How severe does this issue affect your experience of using Ray?
Medium: It contributes to significant difficulty to complete my task, but I can work around it.
I have a general question on cluster and deployment architecture. My system exposes a few ML models and algorithms through a Ray REST API. I want these models to be always available as Actors to compute and respond whenever a request is received. My plan is to build a Docker image containing the model code, model checkpoints, and all python dependencies. Dependencies and models get updated frequently, so that Docker image must be rebuild and deployed from time to time.

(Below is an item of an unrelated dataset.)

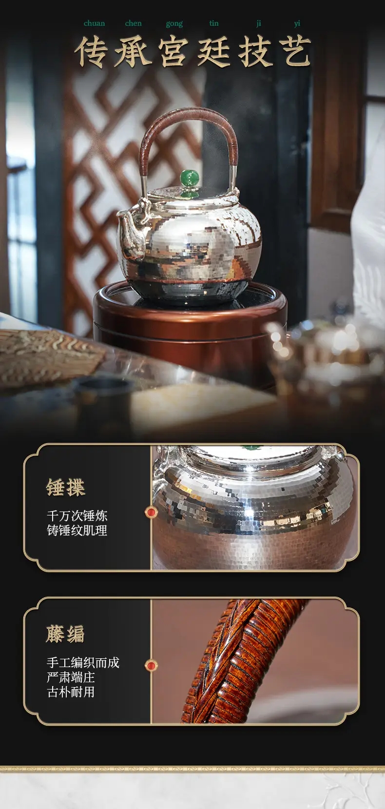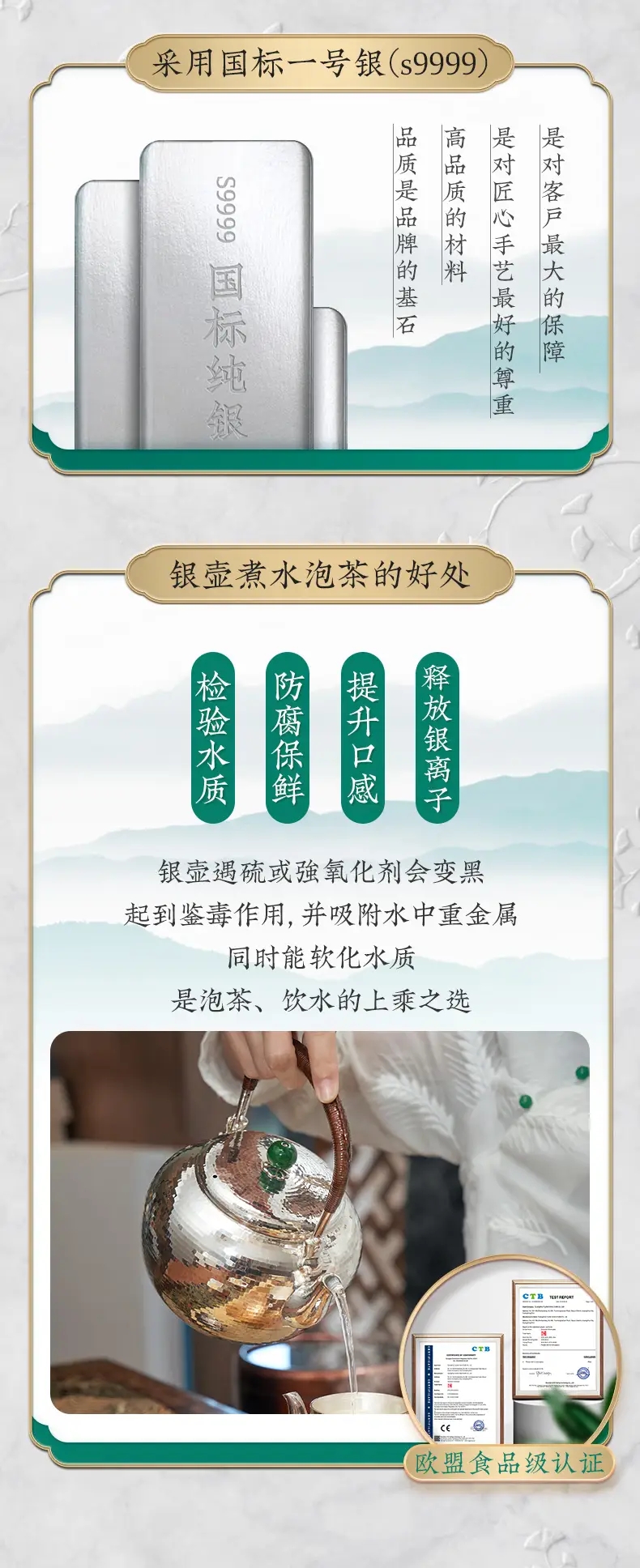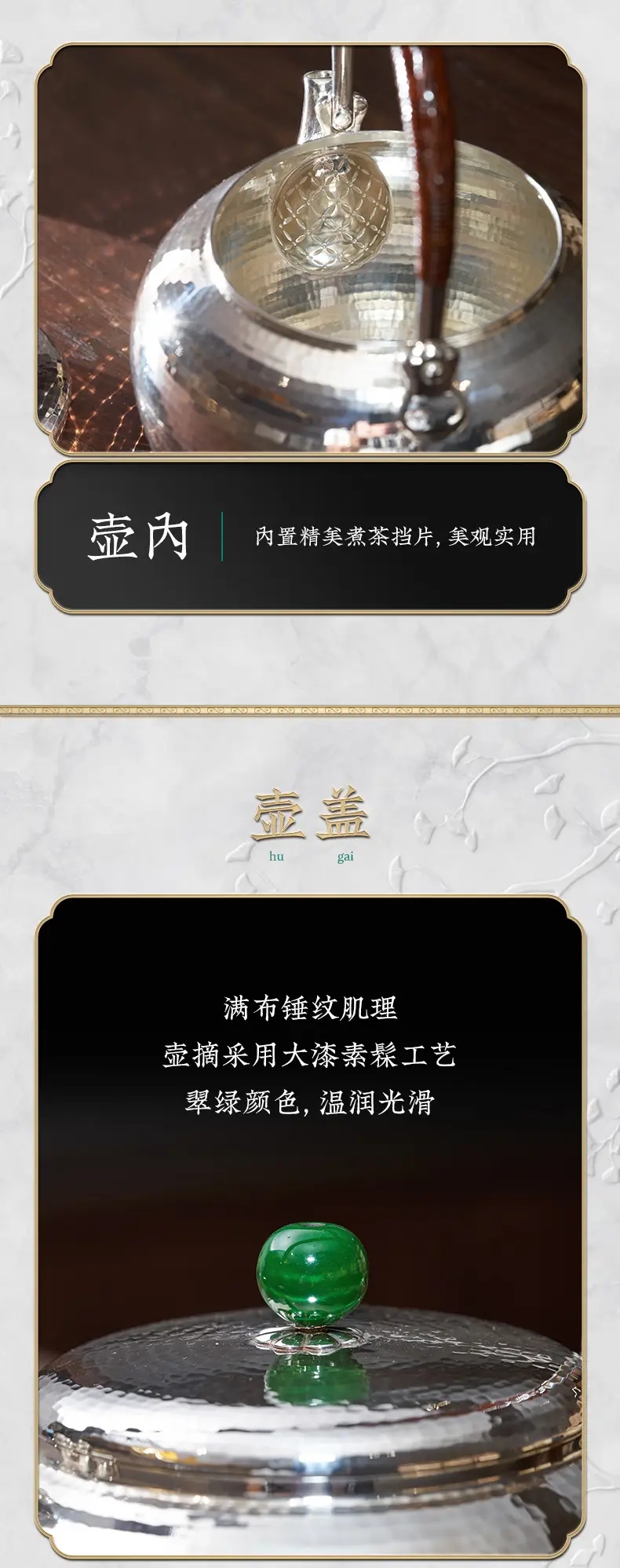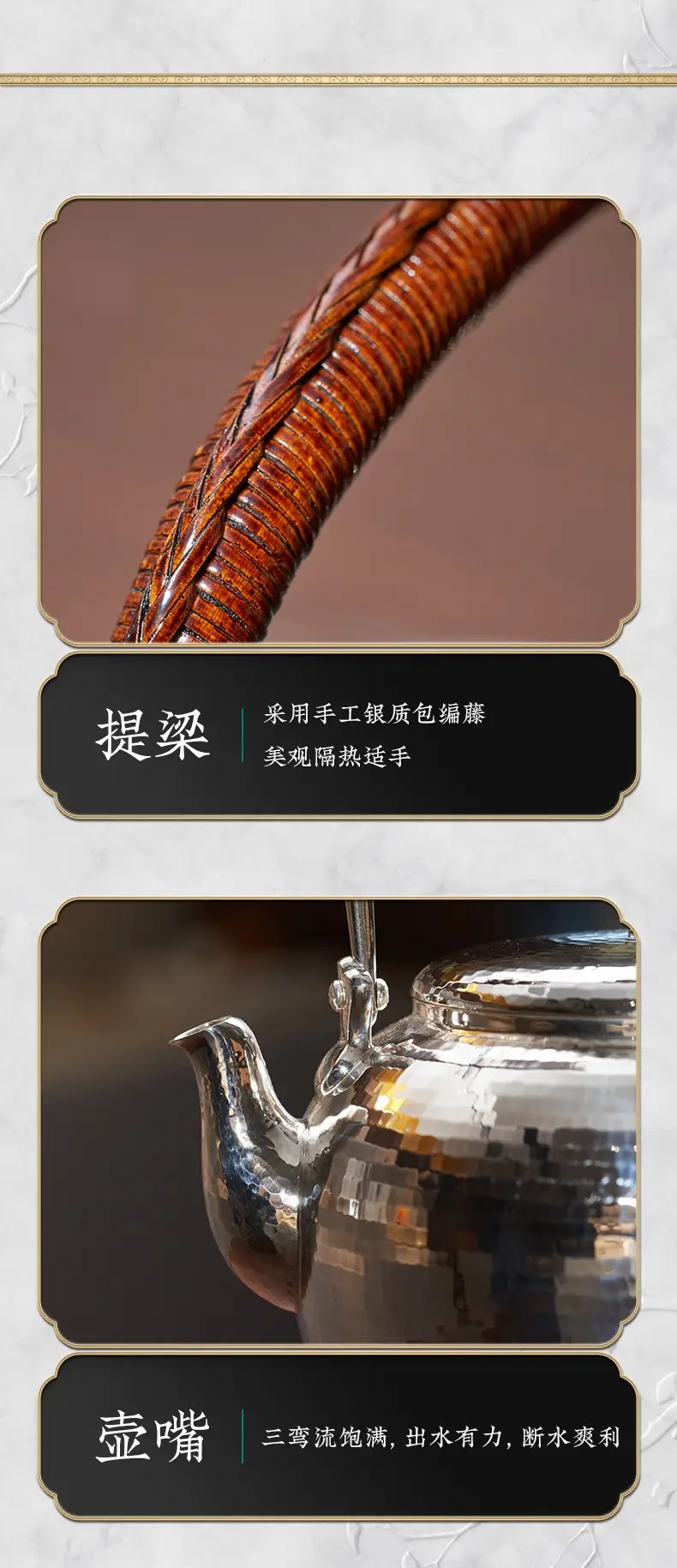 臻宝堂-圆珠壶(1000ml)臻宝堂银壶纯银9999烧水壶纯手工煮茶壶高端茶具足银养生泡茶水壶中式 圆珠壶.重约562克 容量约1000ml

I wonder what’s the best way to design the cluster config and deployment flow to minimize downtime. My plan is to deploy this in an autoscaling kubernetes cluster, but I am unsure on what’s the best strategy to redeploy Docker images and register Actors that already exist while avoiding downtime? Does Ray support this natively or is there any tricks I’d need to implement on my own?
Thanks for your answer! My question applies concretely on the zero-downtime update for the ray k8s operator. I could not find in the documentation how one would proceed to update the underlying docker image without downtime, since kuberay does not expose a deployment.
You can indeed update the underlying Docker image without downtime.
When you update your RayService config’s rayClusterConfig with new Docker images, the RayService operator will spin up a new Ray cluster with the new Docker images. Meanwhile, it’ll continue serving traffic using the existing Ray cluster. Once your Serve deployments are ready on the new Ray cluster, the operator will switch traffic to the new cluster and then delete the old cluster. There should be no downtime.